NaNo Winner Badge

Finished NaNoWriMo 2012

I’ve managed to finish a draft of “The Spaceport” for NaNo! NaNo Winner Badge

This was an interesting experience. I had to fight through food poisoning, holiday planning, emotional ups and downs…and yet this was one of the most fun projects I’ve ever taken on. It took me back to my early years as a writer, when I could work with complete abandon. The quality is maybe a little better than it was back then, but not much. The story still needs a lot of editing as several characters changed significantly as the story unfolded. I need to go back and add in all of the layers of interpersonal dynamics and clean up some serious point of view issues, but it is done.

Now I need to return to real life and do things like laundry and cleaning the house.

I’ll also be pondering: could I do this on a daily basis? Because this is the pace a professional author needs to maintain in our modern world.

A Living Wage Should Not Be Science Fiction

Earth in SpaceAll I want is a living wage.

That’s all I wanted when I got out of college. Of course, the term was new then. Now it is almost obsolete. Workers are supposed to be grateful for 20 or 30 hours/week. When I became an employer, I determined that we would pay our employees a living wage. The business went bankrupt.

The Spaceport is my daydream business, the place I would work if I could. It has great benefits: healthcare, on-site apartments, intense mental health care.

You need the mental health care, because of the aliens.

I mean, when you’re working among humans and turn around to see some bug-eyed sweetheart staring down at you like you’re lunch, you really appreciate those on-staff psychiatrists.

Thinking about the benefits of working at the spaceport, I realized they’d have a great educational benefit, too, because they’d have an exchange program with off-world universities.

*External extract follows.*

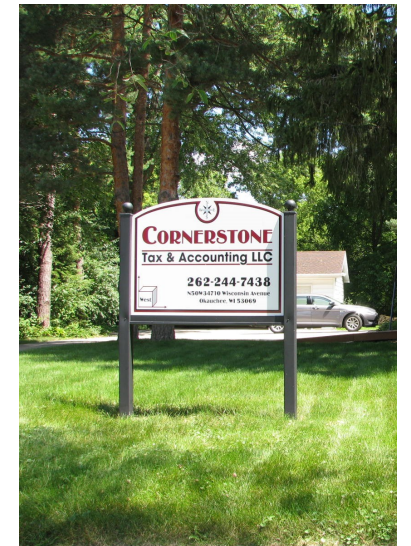
Free-standing post sign (15 sq. ft.) 20 ft. setback from ROW

It would be a great place to work. Youth would be an advantage, because young people tend to be less traumatized by the unexpected.

In my years of dreaming about the spaceport, I’ve met the most amazing folks who have come to work there. Folks like Annie: sweet, homeschooled Annie who works in the gift shop…and her husband Trevor the grunge security guard. Then there’s “Bugs” (the entomologist) and Blue, the barkeep. Blue does have a name, but no one can pronounce it, so they just call her by the one word that comes to mind in her presence.

Blue invaded my mind in college. She’s snarky, sarcastic and makes a wicked Denebian sundown.

So come along with me as I bring these stories out of the closet and into your hands. If someone has the money to invest, I’d love to build the Spaceport for real.

I don’t have that sort of cash. I’m still looking for a living wage.